Monte Carlo simulation: learning about processes by taking random samples from them

MCMC examples

  • Metropolis-Hastings algorithms
  • Gibbs sampling

Bayesian statistics in practice

Specify model for data

Specify distributions describing prior belief about parameters

Obtain initial value for each parameter (various ways of doing this)

Run algorithm for large number of iterations

Discard the early samples

Examine the remaining samples

Consider other priors or initial values (sensitivity analysis)

Select and assess final model

Report estimated parameters of interest with credible intervals

(Make predictions)

Convergence

When should we stop the algorithm?

  • Eyeballing
  • Tests of convergence

Dealing with non-convergence

  • different initial values
  • different prior distributions

Tools for MCMC inference

WinBUGS (Windows Bayesian analysis Using Gibbs Sampling)

  • developed by Spiegelhalter et al at Cambridge in 1990s
  • (relatively) easy to use
  • can define models using special syntax (like R) / graphically
  • works well with R (R2WinBUGS package)
  • good for spatial models
  • free
  • can be slow (if chooses inefficient algorithm)
  • cryptic error messages (“numerical overflow trap”)
  • black box

OpenBUGS, JAGS (Just Another Gibbs Sampler), Stan (No U-Turn Sampler, or NUTS)

R: MCMCpack, MCMCglmm, prevalence, CARBayes, LaplacesDemon Stata

Python: PyMC

Integrated Nested Laplace Approximation (INLA): inference from Gaussian Markov Random Field models (computationally efficient alternative for some types of model, e.g. spatial)

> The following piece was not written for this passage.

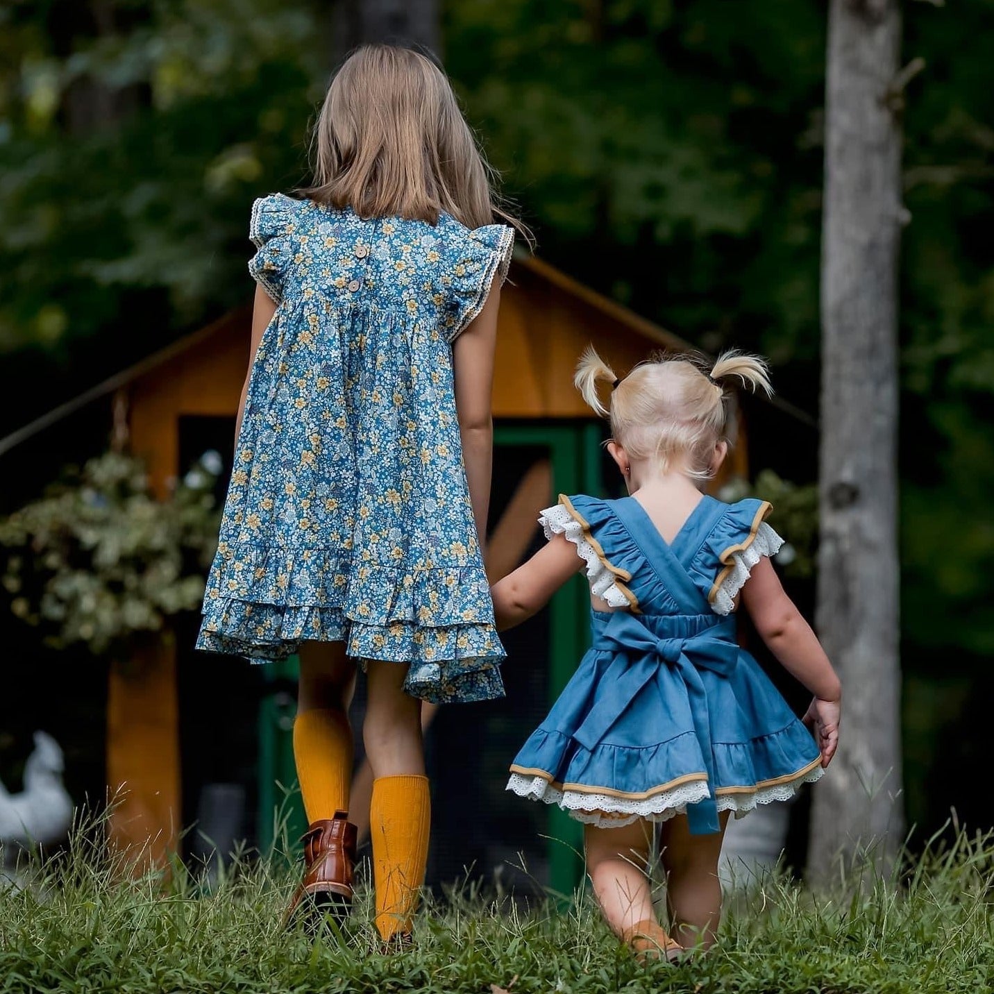 -Beautiful marigold and blue floral Bloomers 12m-6yrs and shorts 7-16

When to use Bayesian methods

Frequentist and Bayesian methods often give comparable results

Bayesian preferred when

  • non-negligible prior belief (outbreaks?)
  • ongoing stream of data (e.g. surveillance)
  • analyses informing decisions (expected loss) e.g.
  • cost-effectiveness analyses
  • very complex models with lots of parameters
    • e.g. small area spatial models with correlation between neighbouring areas
  • non-repeatable events
  • other situations when classical methods non-applicable

Bayesian methods in epidemiology

Now used in many areas of epidemiology

  • Flexible modelling
  • Intuitive interpretation
  • Capture different types of variation
  • Many tools available

But

  • Learning curve
  • More explicit about model assumptions
  • Less easy to use as “black box” method

Further reading

LeSaffre et al. Bayesian Biostatistics

Kruschke. Doing Bayesian data analysis.

Lawson et al. Bayesian disease mapping: hierarchical modelling in spatial epidemiology.